Salt: the microbiome, immune function and hypertension

Credit: Carl Conway/Macmillan Publishers Limited

Previous studies have demonstrated a role for pro-inflammatory T cells — particularly T helper 17 (TH17) cells — in the development of hypertension. The generation of pathogenic TH17 cells is regulated by specific gut microbiota and can be stimulated by a high-salt environment, but the effects of salt on the gut microbiome are unknown. New research now shows that a high-salt diet (HSD) affects the abundance of intestinal bacteria in mice, with depletion of Lactobacillus murinus. Treatment of mice with L. murinus reduced TH17 cell numbers and prevented salt-sensitive hypertension, while a pilot study in humans showed that a high-salt challenge reduced intestinal survival of Lactobacillus spp., increased TH17 cell numbers and increased blood pressure. “Our results extend the existing knowledge on the effects of HSD to another compartment of the body — the microbiome,” say researchers Dominik Müller and Nicola Wilck. “In addition to the known direct effect of salt and the ionic microenvironment on TH17 cells, microbiome-mediated mechanisms could represent a novel route by which salt acts upon the body, particularly the immune system.”

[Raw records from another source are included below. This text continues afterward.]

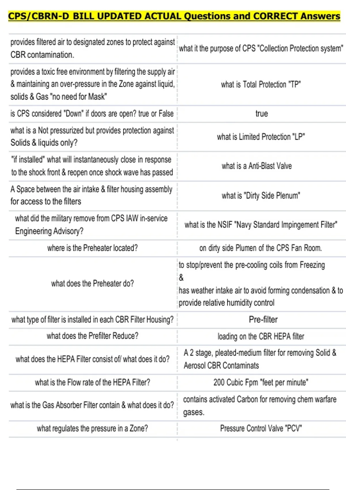 CPS/CBRN-D BILL UPDATED ACTUAL Questions and CORRECT Answers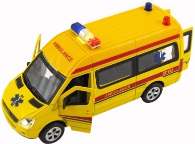 Denne detaljerede ambulance kombinerer et solidt metalchassis med robuste plastdele og er ideel til kreativ leg. Takket være pullback-drev kører den uden fjernbetjening, mens åbningsbare for- og bagdøre øger autenticiteten og interaktiviteten.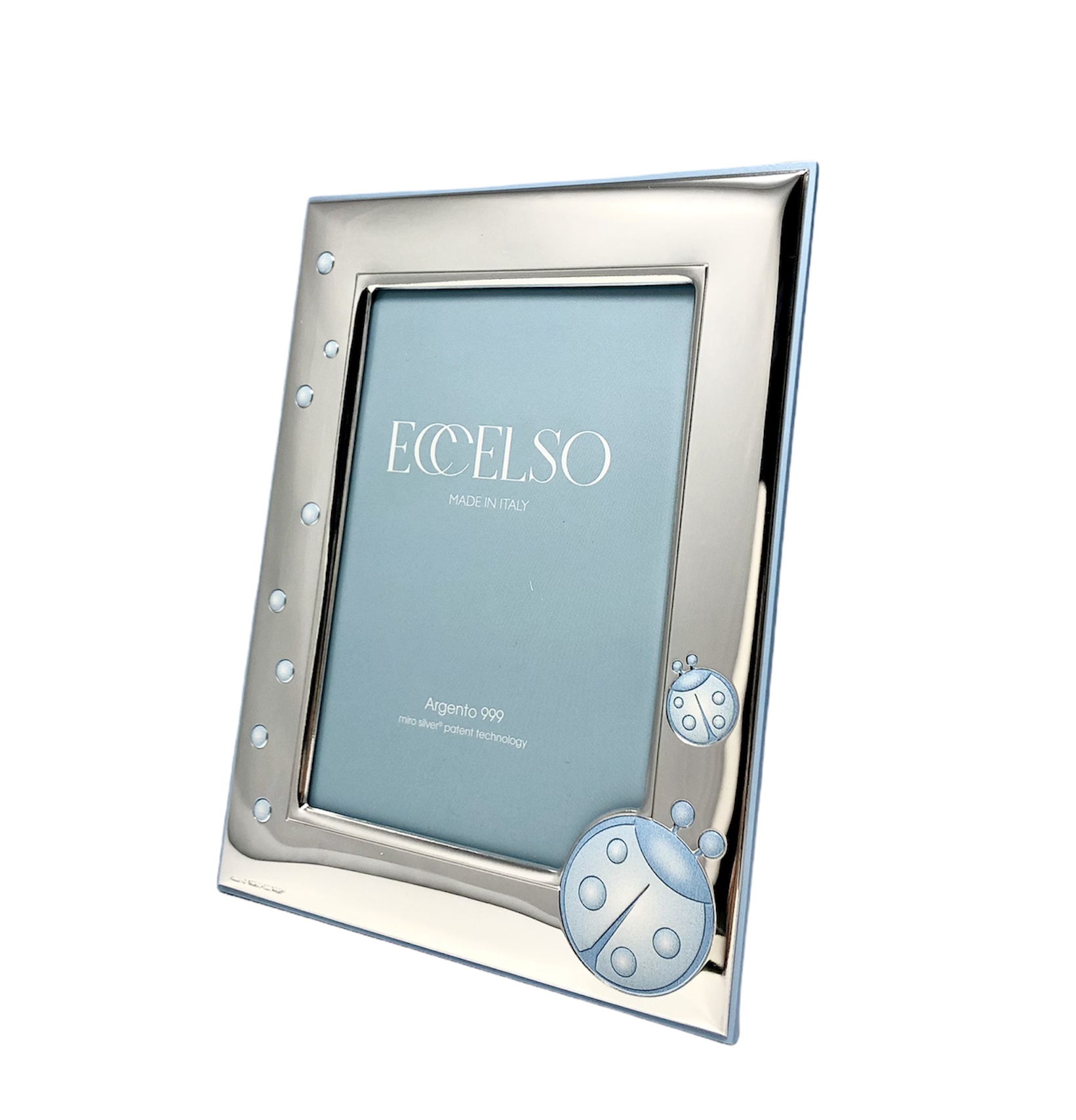 Cornice Argento Bimbo Con Coccinella Celeste 13X18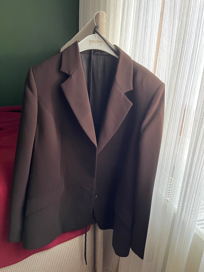 Kadın kahverengi blazer, kesik yaka, uzun kollu ve düğmeli. İpeksi dokulu, midi boyda ve klasik ofis tarzına uygun.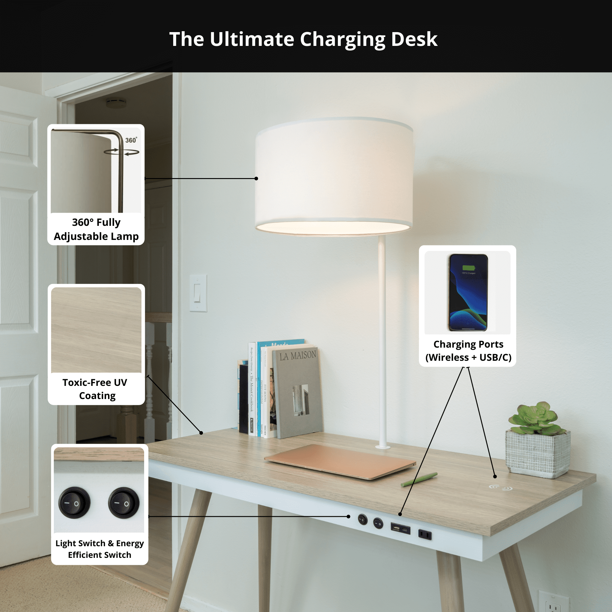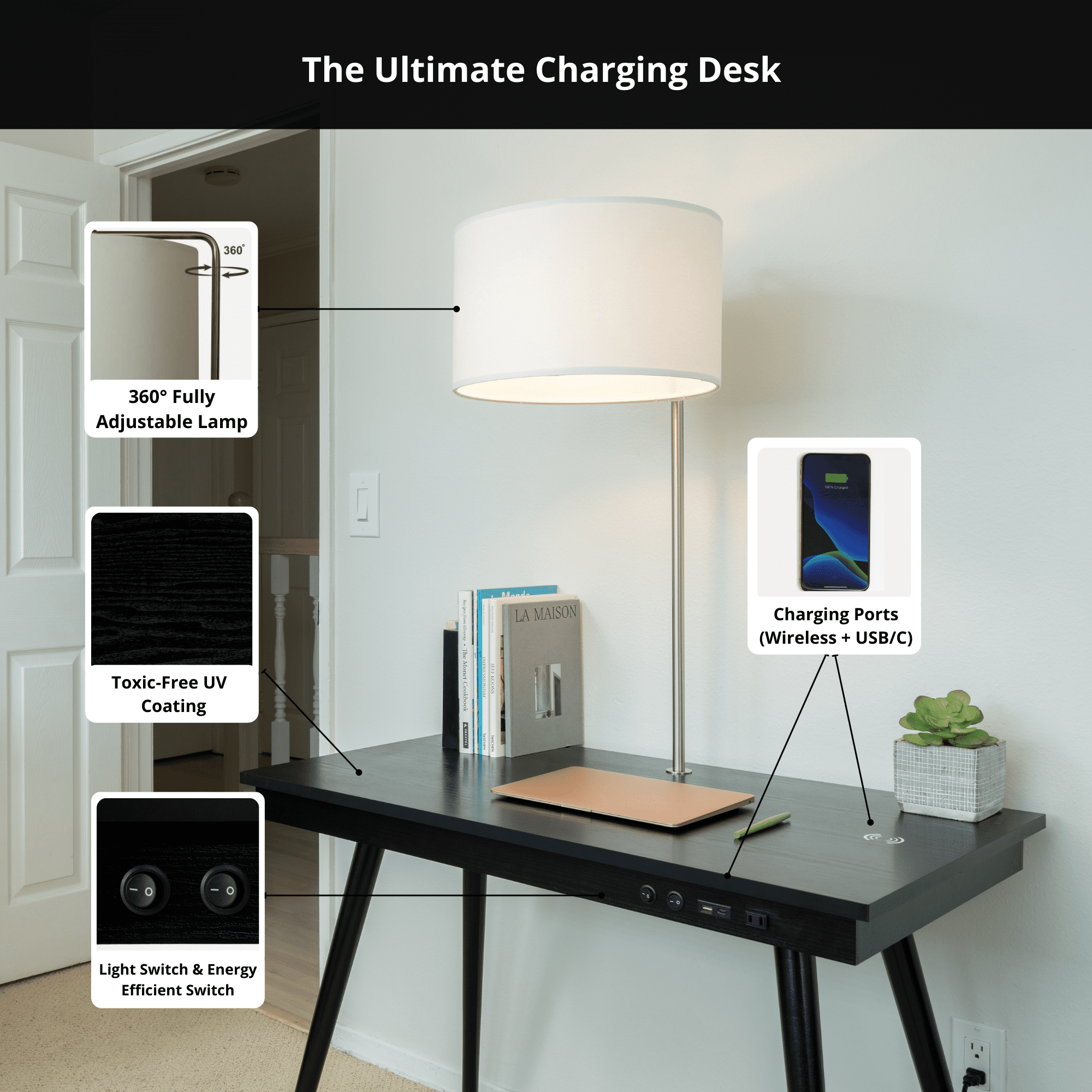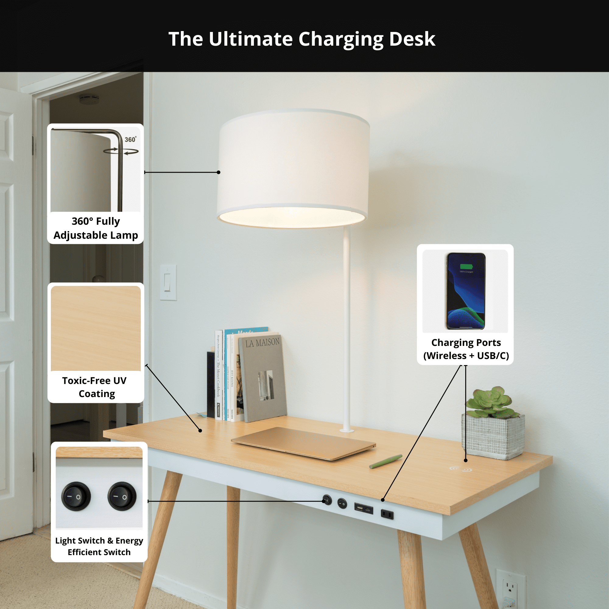 - [Compacted All In One] – This mid-century modern desk has a detachable 360° adjustable overhead lamp and the convenient tech accessibility you’d want (a power outlet, as well as USB and USB-C charging ports) packed into a single piece of furniture

Müller explains that the effect of salt on the immune system and hypertension has been a long-standing focus of his research. “Increasing evidence suggests that the microbiome is shaped by diet, with possible consequences for the host organism and the immune system — it is interesting that the microbiome has been overlooked with regard to diets rich in salt,” adds Wilck. To assess the effect of a HSD on the composition of the microbiome, the researchers performed 16S ribosomal DNA sequencing of faecal pellets from mice fed a normal-salt diet (NSD) or a HSD, which identified L. murinus as the species most strongly altered in response to a HSD. In vitro studies confirmed the ability of NaCl to inhibit the growth of L. murinus and several human-associated Lactobacillus spp.

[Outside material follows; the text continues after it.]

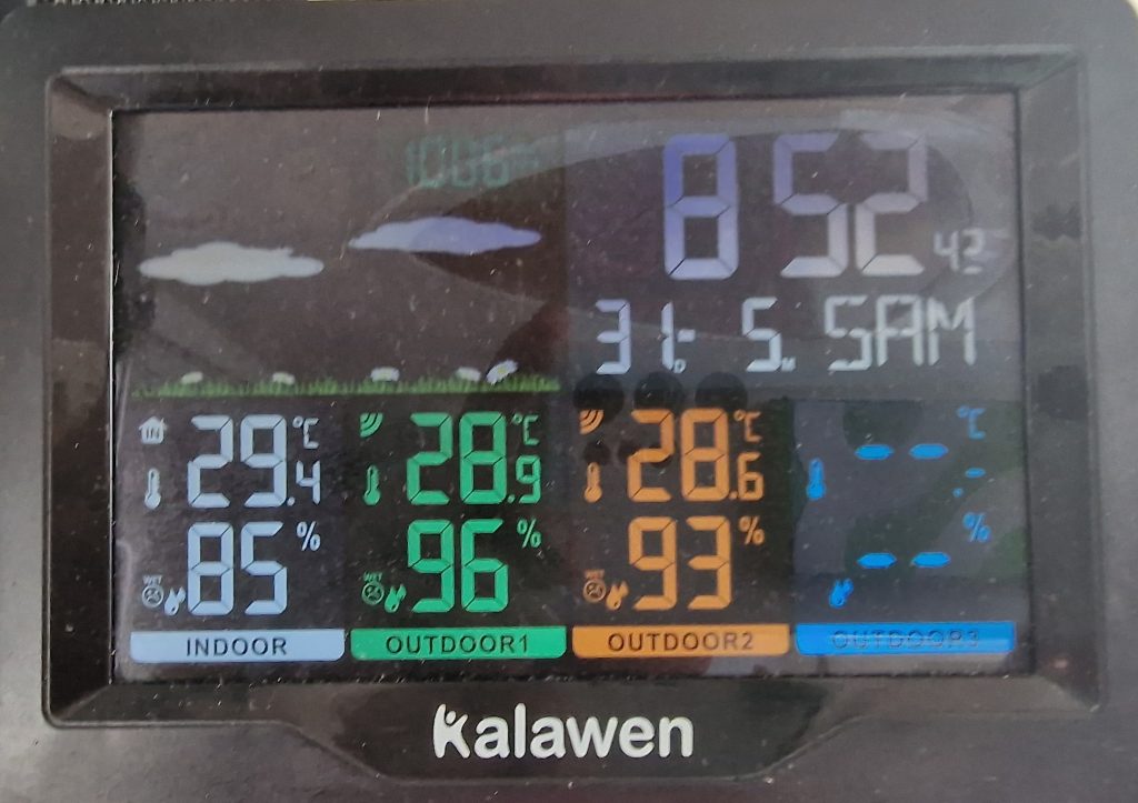 La météo n’est pas trop belle ce matin. Le taux d’humidité de 85 %. La preuve…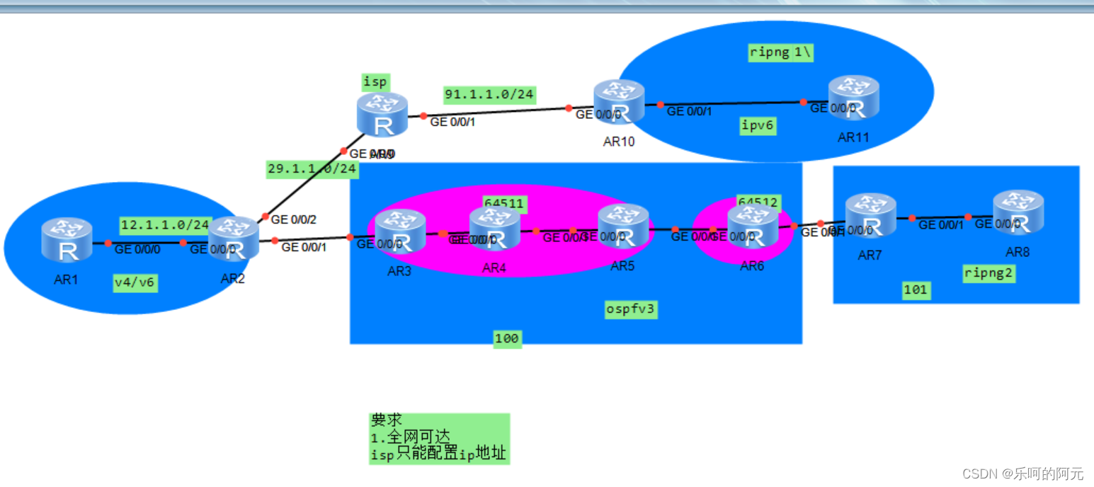 [isp-GigabitEthernet0/0/0]ip a 12.0.0.2 24

Microbiome-mediated mechanisms could represent a novel route by which salt acts upon the body

To assess the effects of L. murinus depletion on physiological responses, the researchers administered L. murinus to two mouse models of disease — experimental autoimmune encephalomyelitis (EAE) and salt-sensitive hypertension. In mice with EAE, a disease that has been linked to alterations in the gut microbiome, administration of a HSD increased numbers of intestinal TH17 cells and exacerbated the disease course. Administration of L. murinus by oral gavage normalized TH17 cell numbers and attenuated disease severity. To assess the mechanisms for this effect, the researchers investigated the presence of indole metabolites. Lactobacillus spp. can metabolize tryptophan to indole metabolites, and in accordance with the depletion of L. murinus, the researchers noted lower levels of indole metabolites in faeces of mice fed a HSD — an effect that was reversed by L. murinus supplementation. In vitro, the indole metabolite ILA significantly reduced TH17 polarization, suggesting that salt alters TH17 cells by affecting the abundance of L. murinus tryptophan metabolites. In mice with salt-sensitive hypertension, administration of L. murinus reduced blood pressure and TH17 cell frequencies compared with levels in mice fed a HSD.

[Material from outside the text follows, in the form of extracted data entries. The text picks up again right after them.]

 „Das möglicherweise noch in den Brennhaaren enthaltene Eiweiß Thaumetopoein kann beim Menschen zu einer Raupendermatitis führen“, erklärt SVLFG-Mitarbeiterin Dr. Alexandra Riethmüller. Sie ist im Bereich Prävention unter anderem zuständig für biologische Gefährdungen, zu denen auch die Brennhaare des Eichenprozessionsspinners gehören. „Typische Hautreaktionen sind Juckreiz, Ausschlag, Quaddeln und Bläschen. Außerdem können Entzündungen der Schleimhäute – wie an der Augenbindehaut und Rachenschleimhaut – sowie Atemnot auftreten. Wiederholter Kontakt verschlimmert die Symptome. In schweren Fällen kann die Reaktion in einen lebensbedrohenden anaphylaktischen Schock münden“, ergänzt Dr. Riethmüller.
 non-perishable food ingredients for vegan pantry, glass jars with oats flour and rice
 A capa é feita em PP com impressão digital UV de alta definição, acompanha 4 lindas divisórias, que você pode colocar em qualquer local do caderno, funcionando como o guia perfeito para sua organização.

Finally, the researchers assessed the applicability of their findings in mice to humans by administering slow-release NaCl tablets (equating to 6 g NaCl per day on top of their normal eating habits). This salt challenge increased blood pressure from baseline and induced a significant increase in the number of peripheral blood lymphocyte TH17 cells. Use of full shotgun metagenomic sequencing of faecal samples demonstrated a loss of Lactobacillus spp. in response to the salt challenge, which is in line with the findings in mice and highlights the microbiome as a salt-sensitive compartment. Müller says that they are planning further studies to assess the mechanisms that underly the effect of Lactobacillus spp. on TH17 cells. “We are also aiming to perform controlled clinical studies in humans with hypertension and multiple sclerosis to test the effect of Lactobacillus-containing probiotics on these diseases,” he adds.

References

  1. Wilck, N. et al. Salt-responsive gut commensal modulates TH17 axis and disease. Nature http://dx.doi.org/10.1038/nature24628 (2017)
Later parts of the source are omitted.